• Problem requirements: Take the entries below and write them out exactly, with each picture removed.

- Opening Delimiter -

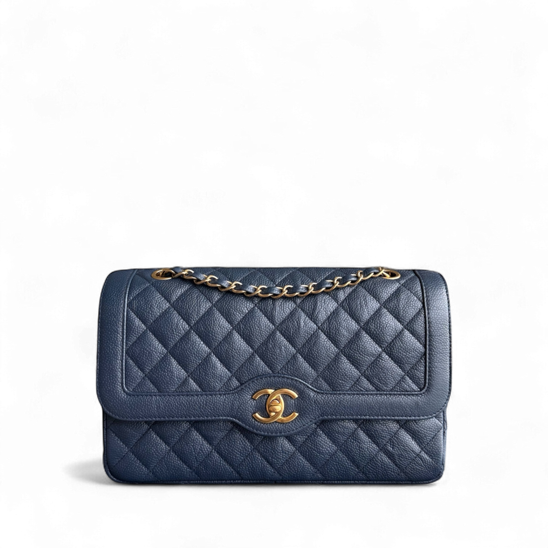 Chanel Seasonal Timeless CC Flap - Caviar 24CM Dark Blue Silver Hardware Series 15
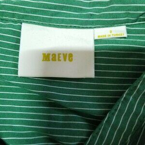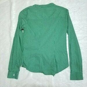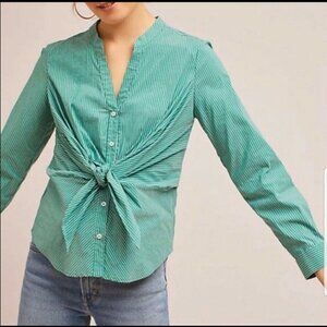 Great condition Anthro Maeve green with white pin stripes button down shirt with a knotted tie front and long sleeves. 69% cotton, 27% nylon, 4% elastane. It is a size 2 which is an XS 33-34 bust according to the anthro website. All my measurements are approximate and are based on a flat lay.
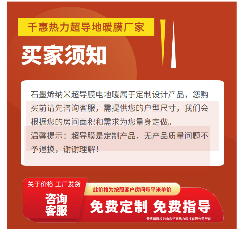 山东千惠热力科技有限公司2025年新品推出石墨烯超导膜电地暖,减少铺线工艺施工便捷,一人即可铺设。石墨烯超导膜通电升温快,智能控温,灵活采暖便捷。可根据采暖需求进行灵活性控温。
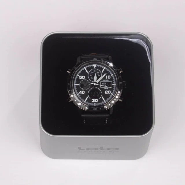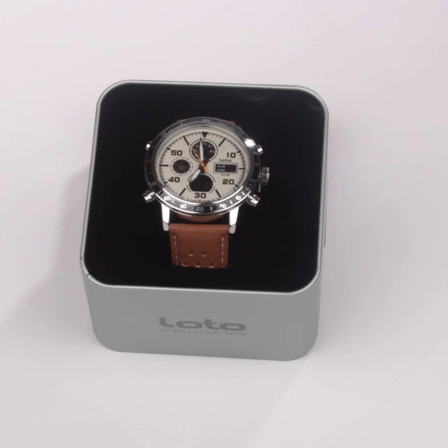 Reloj Loto original análogo con cronógrafos funcionales, diseñado para quienes buscan un accesorio elegante y versátil. Su caja metálica con acabados de alta calidad se combina con un pulso tipo cuero que aporta comodidad y estilo. Disponible en dos versiones: esfera clara con pulso marrón y esfera negra con pulso negro, ambos con detalles modernos que realzan su diseño. Incluye 6 meses de garantía por maquinaria y pila, respaldando su calidad y funcionamiento.
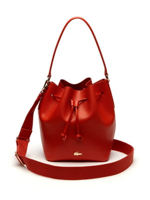 Sac seau double porté main et épaule avec anse et bandoulière en cuir piqué rouge de Lacoste
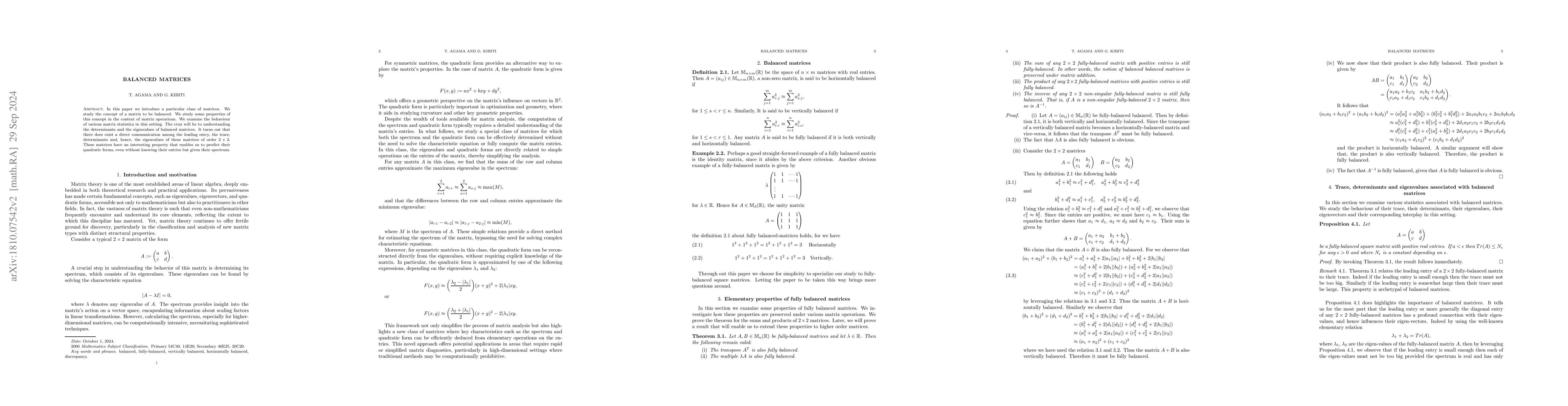 This paper introduces a class of matrices known as balanced matrices, which exhibit unique properties that enable predicting their quadratic forms based on their eigen-values. Researchers found a direct connection between the leading entry, trace, determinants, and eigen-values in 2x2 balanced matrices.
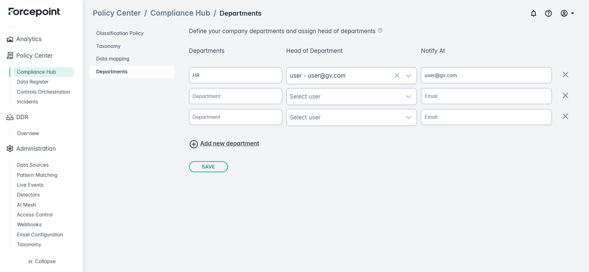 Departments represent functional groups—such as HR, Finance, or Payment Processing—that work with and manage data sharing certain characteristics. For example, the HR team handles resumes and personal employee information, while the payment team manages PCI-related data and customer banking details. Grouping data this way allows policies to address the unique security and compliance needs of each type of data.
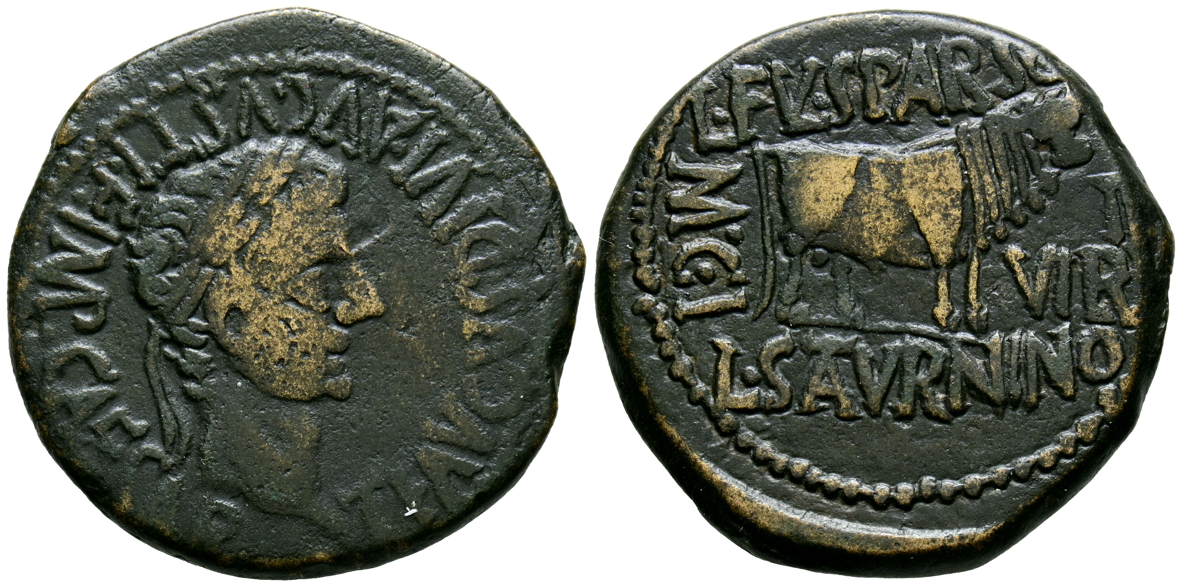 CALAGURRIS (Calahorra, La Rioja). As. (Ae. 10,61g/28mm). 14-36 d.C. (FAB-429). Anv: Cabeza laureada de Tiberio a derecha, alrededor leyenda: TI AVGVS DIVI AVGVSTI F IMP CAESAR. Rev: Toro a derecha, alrededor leyenda: L FVL SPARSO L SATVRNINO II VIR MCI. MBC-/MBC.

- Closing Delimiter -

• Output for this exercise:
 Chanel Seasonal Timeless CC Flap - Caviar 24CM Dark Blue Silver Hardware Series 15
 Great condition Anthro Maeve green with white pin stripes button down shirt with a knotted tie front and long sleeves. 69% cotton, 27% nylon, 4% elastane. It is a size 2 which is an XS 33-34 bust according to the anthro website. All my measurements are approximate and are based on a flat lay.
 山东千惠热力科技有限公司2025年新品推出石墨烯超导膜电地暖,减少铺线工艺施工便捷,一人即可铺设。石墨烯超导膜通电升温快,智能控温,灵活采暖便捷。可根据采暖需求进行灵活性控温。
 Reloj Loto original análogo con cronógrafos funcionales, diseñado para quienes buscan un accesorio elegante y versátil. Su caja metálica con acabados de alta calidad se combina con un pulso tipo cuero que aporta comodidad y estilo. Disponible en dos versiones: esfera clara con pulso marrón y esfera negra con pulso negro, ambos con detalles modernos que realzan su diseño. Incluye 6 meses de garantía por maquinaria y pila, respaldando su calidad y funcionamiento.
 Sac seau double porté main et épaule avec anse et bandoulière en cuir piqué rouge de Lacoste
 This paper introduces a class of matrices known as balanced matrices, which exhibit unique properties that enable predicting their quadratic forms based on their eigen-values. Researchers found a direct connection between the leading entry, trace, determinants, and eigen-values in 2x2 balanced matrices.
 Departments represent functional groups—such as HR, Finance, or Payment Processing—that work with and manage data sharing certain characteristics. For example, the HR team handles resumes and personal employee information, while the payment team manages PCI-related data and customer banking details. Grouping data this way allows policies to address the unique security and compliance needs of each type of data.
 CALAGURRIS (Calahorra, La Rioja). As. (Ae. 10,61g/28mm). 14-36 d.C. (FAB-429). Anv: Cabeza laureada de Tiberio a derecha, alrededor leyenda: TI AVGVS DIVI AVGVSTI F IMP CAESAR. Rev: Toro a derecha, alrededor leyenda: L FVL SPARSO L SATVRNINO II VIR MCI. MBC-/MBC.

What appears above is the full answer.